PROVIDED INFORMATION:
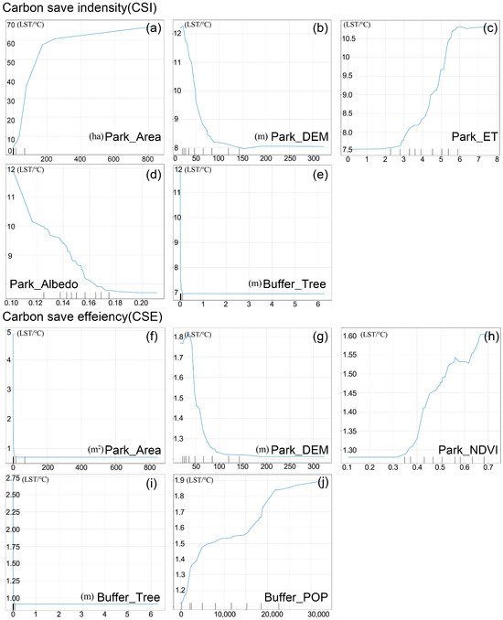 Single-factor feature dependency plot. (a) Park_Area; (b) Park_DEM; (c) Park_ET; (d) Park_Albedo; (e) Buffer_Tree; (f) Park_Area(CSE); (g) Park_DEM(CSE); (h) Park_NDVI(CSE); (i) Buffer_Tree(CSE); (j) Buffer_POP(CSE).
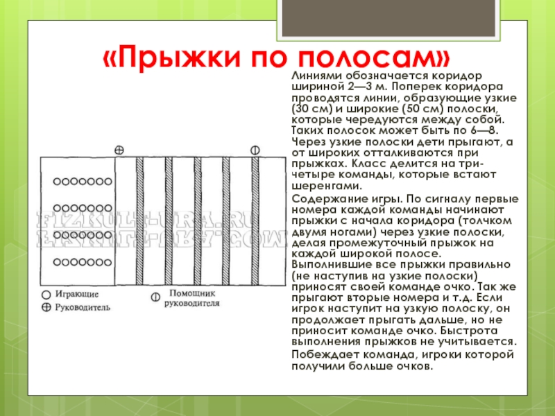 Содержание игры. По сигналу первые номера каждой команды начинают прыжки с начала коридора (толчком двумя ногами) через узкие полоски, делая промежуточный прыжок на каждой широкой полосе. Выполнившие все прыжки правильно (не наступив на узкие полоски) приносят своей команде очко. Так же прыгают вторые номера и т.д. Если игрок наступит на узкую полоску, он продолжает прыгать дальше, но не приносит команде очко. Быстрота выполнения прыжков не учитывается.
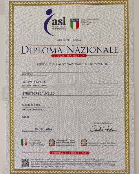 Imparerai le basi di guida su kart rental seguito da Fabio Caravella, 3 volte campione nazionale e istruttore certificato ASI Automobilismo. Al termine del corso sarai pronto per l’esame Finale e il Diploma
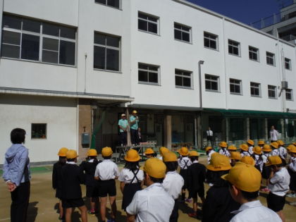 全校朝会のときに,登校中の安全を見守っていただいている北区役所地域安全防犯の「あんまち隊」の方に来ていただき,あいさつをしていただきました。
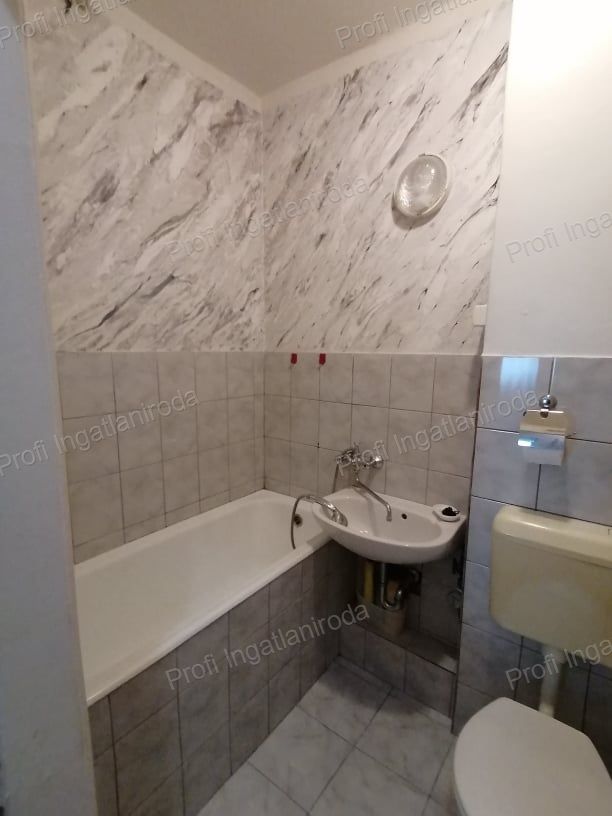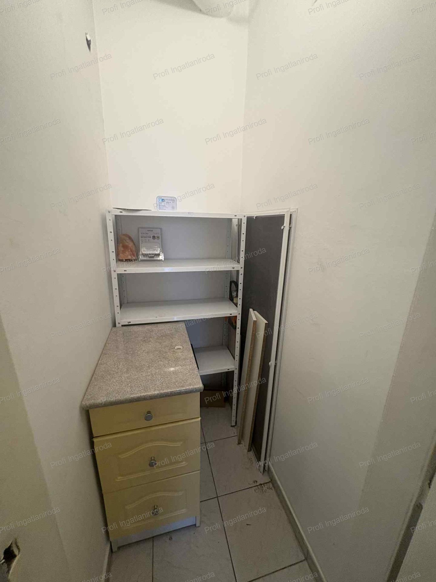 A lakás elosztása: nappali, háló, konyha, fürdő-WC egyben, spájz, előszoba.
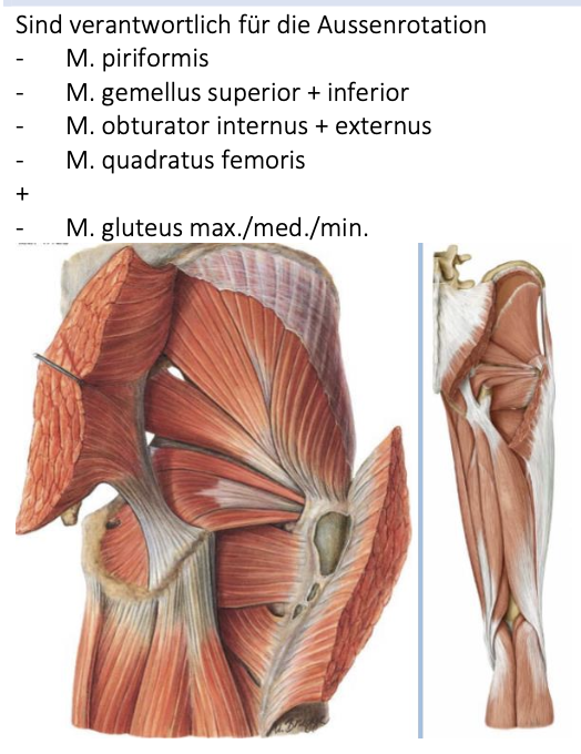 → Kleine Gluteen sind Mehrzweckmuskeln, die viele Wirkungsmöglichkeiten haben. Sie können im Hüftgelenk bei allen Bewegungen, mit Ausnahme der Adduktion, mitwirken.
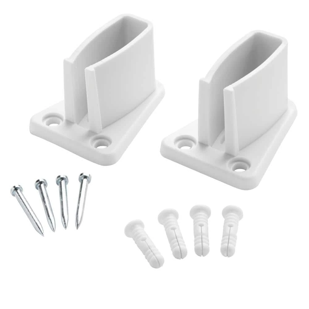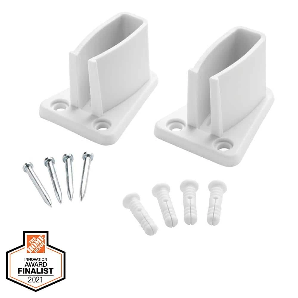 The Everbilt Fixed Rod Shelf Wall Bracket is designed support the front lip of any Everbilt Fixed Rod ventilated wire shelf. For use in a wall-to-wall or wall-to-open application. Use in conjunction with support brackets and wall clips in a fixed mount installation (support brackets and wall clips sold separately). All hardware included for installation.
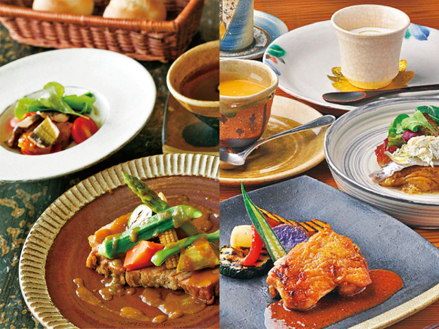 ランチタイムは人気の創作フレンチ店へ。人気は、オードブルサラダにメイン料理、飲み物、デザートが付いたランチメニュー。和の要素を取り入れた料理は、見た目は鮮やかながら、あっさりとして日本人にも馴染みやすい味です。ポイントは笠間焼の器を使っていること。食材やソースに合わせ、店主がどんな器を選んでいるかチェックするのも、笠間ならではの楽しみ方かもしれません。目も舌もお腹も大満足のランチタイムを楽しみましょう。
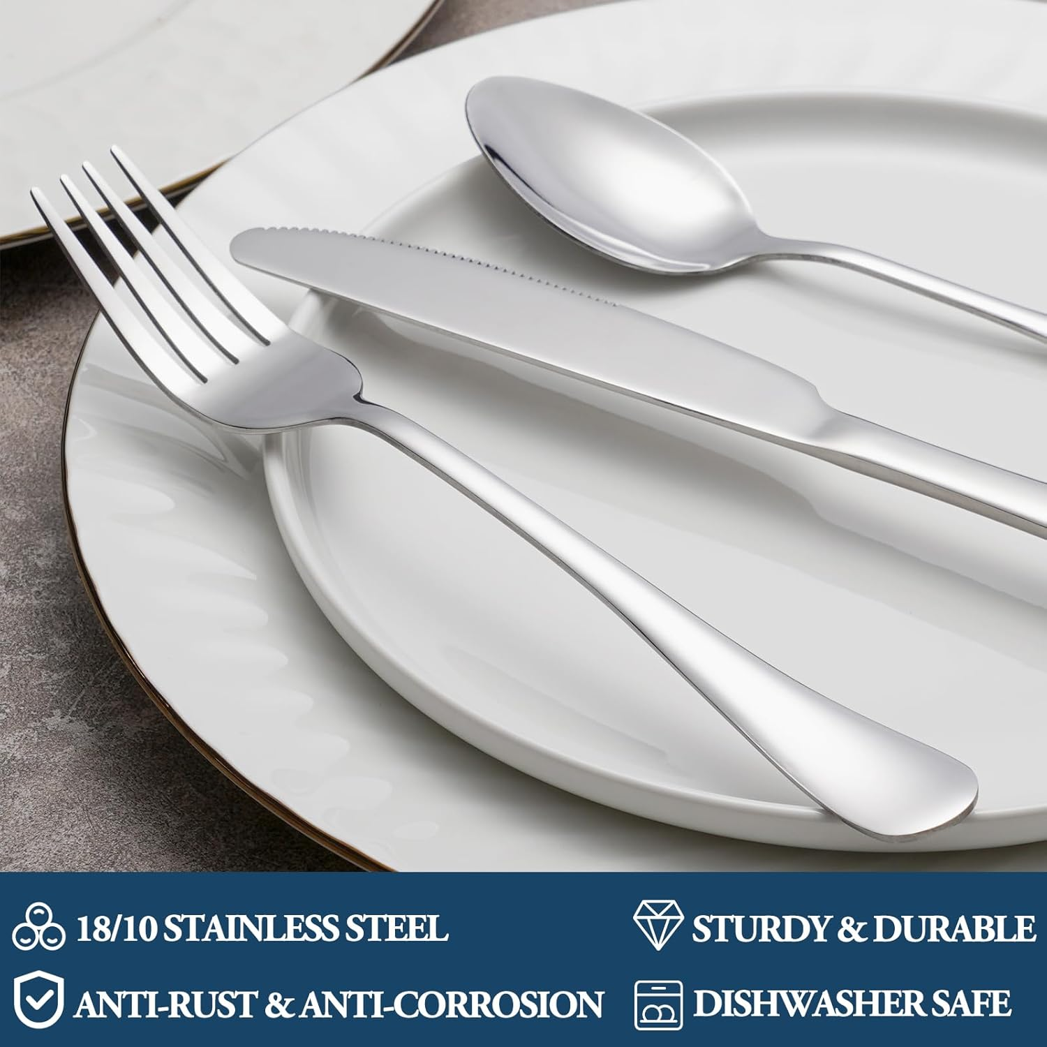 GOOD VALUE: Our stainless steel fork set contains 24 forks, which allow you to replenish the cutlery in time, and help you complete the tableware set when you find that the set is missing forks. If you’re looking for an inexpensive replacement without replacing entire silverware set, then you have come to the right place. PREMIUM STAINLESS STEEL: These forks silverware are made of high quality food grade stainless steel which is very durable, rust-proof, corrosion resistant, non-toxic, BPA free, no metal aftertaste. Meanwhile, its sturdiness ensures that it will not bend easily providing you with long - term use. Most importantly, they’re dishwasher safe. PROPER WEIGHT AND COMFORTABLE HANDLE: Unlike other brands, the curvature of our dinner forks set handles is designed according to the posture of the hand, and the appropriate weight and perfect balance are added to ensure maximum comfort during use that avoids you feel tired. Moreover, the smooth edges ensure safety and no scratches. EXQUISITE WORKMANSHIP AND ELEGANT SHAPE: Highly mirror polished, smooth edges that ensures the safety of your lips. Our fork set designed to seamlessly add more elegance and class to your table. It has a classic design allows for mix and match with your existing flatware to elevate everyday meals into a fine dining experience. FUNCTIONAL IN MANY OCCASIONS: Classic metal forks set are multifunctional no matter for daily use or storage for festivals and formal events like weddings, parties, celebrations and family dinners, picnics and BBQ. And they also are the perfect choice for restaurants, bistro, cafe, roadhouse and hotel. Product Description Specification: Material:18/10 stainless steel Package includes: 8" Dinner Fork x 24 Using instruction: 1.Please wash the fork set before first use to make sure no manufacturing residue. 2.Please clean the forks after using and dry the pieces for their durability. 3.Please do not use iron wire to scratch the pieces to keep their smooth surface. 4.The silverware set is Dishwasher Safe so you can run it in dishwasher to save your labor. Our forks are made of premium stainless steel, which contains specific Cr and Ni ratio. This material makes great contribution to the rust-proof, luster of our forks, which makes our forks durable and shiny. Multi polished, our fork set have very smooth edge, which couldn't hurt you when used. Specially treated surfaces, our fork set could stay shiny after years used. The curvature of our fork handle is designed according to the posture of the hand, which makes it more comfortable to hold and will not feel tired after long-term use. The handle has some thickness, so it is comfortable to grip, and is strong enough not to bend or break.
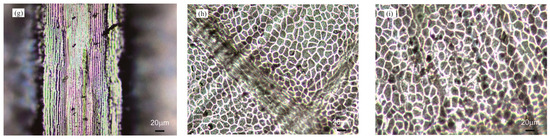 In our experiments, leaf surface microstructures were applied onto the phosphor layer of pcLEDs. Specifically, these leaves were used as a master template to fabricate a patterned microstructure onto the phosphor layer of pcLEDs. For the use of leaf surface microstructures on pcLEDs to enhance angular color uniformity, selecting leaf structures of appropriate size is essential. Therefore, common plants with medium-sized leaves from Northern Taiwan were chosen for this study. The size and morphology of the surface microstructures were also key factors for effective replication. Two different plants from Northern Taiwan, Epipremnum aureum and Acer serrulatum, were selected on the basis of their surface microstructure sizes (20–50 μm) and distinct morphological features. To investigate the influence of varying leaf surface microstructures on optical properties, we selected three distinct regions from the same leaf of two different plants for imprinting fabrication, as shown in Figure 2a,b. Region A refers to the part of the leaf where the petiole connects the leaf to the stem. Region B represents the area around the leaf veins, where the vascular tissue is most prominent. Region C is the section of the leaf that is free from both the petiole and veins, consisting of the broader, uninterrupted surface of the leaf blade. These regions were chosen to explore the potential differences in microstructure between areas with varied surface morphologies. By selecting regions that include structural differences, such as the presence of vascular tissue (Region B) and areas with smooth, uninterrupted leaf surfaces (Region C), we can better understand how different microstructural features affect light absorption, reflection, and other optical properties.
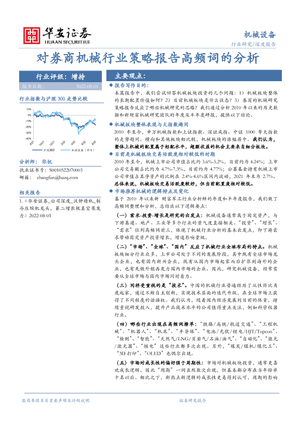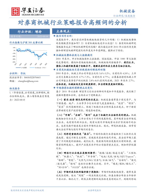 【华安证券】【20220804】20220804-华安证券-机械设备行业深度报告:对券商机械行业策略报告高频词的分析-18页

ASSIGNMENT:
Exactly the lines above, from the one containing "Содержание игры. По" down to the one containing "The Everbilt Fixed", are to be repeated, including both ends. Pictures are not part of the copy.

ANSWER AREA:
 Содержание игры. По сигналу первые номера каждой команды начинают прыжки с начала коридора (толчком двумя ногами) через узкие полоски, делая промежуточный прыжок на каждой широкой полосе. Выполнившие все прыжки правильно (не наступив на узкие полоски) приносят своей команде очко. Так же прыгают вторые номера и т.д. Если игрок наступит на узкую полоску, он продолжает прыгать дальше, но не приносит команде очко. Быстрота выполнения прыжков не учитывается.
 Imparerai le basi di guida su kart rental seguito da Fabio Caravella, 3 volte campione nazionale e istruttore certificato ASI Automobilismo. Al termine del corso sarai pronto per l’esame Finale e il Diploma
 全校朝会のときに,登校中の安全を見守っていただいている北区役所地域安全防犯の「あんまち隊」の方に来ていただき,あいさつをしていただきました。
 A lakás elosztása: nappali, háló, konyha, fürdő-WC egyben, spájz, előszoba.
 → Kleine Gluteen sind Mehrzweckmuskeln, die viele Wirkungsmöglichkeiten haben. Sie können im Hüftgelenk bei allen Bewegungen, mit Ausnahme der Adduktion, mitwirken.
 The Everbilt Fixed Rod Shelf Wall Bracket is designed support the front lip of any Everbilt Fixed Rod ventilated wire shelf. For use in a wall-to-wall or wall-to-open application. Use in conjunction with support brackets and wall clips in a fixed mount installation (support brackets and wall clips sold separately). All hardware included for installation.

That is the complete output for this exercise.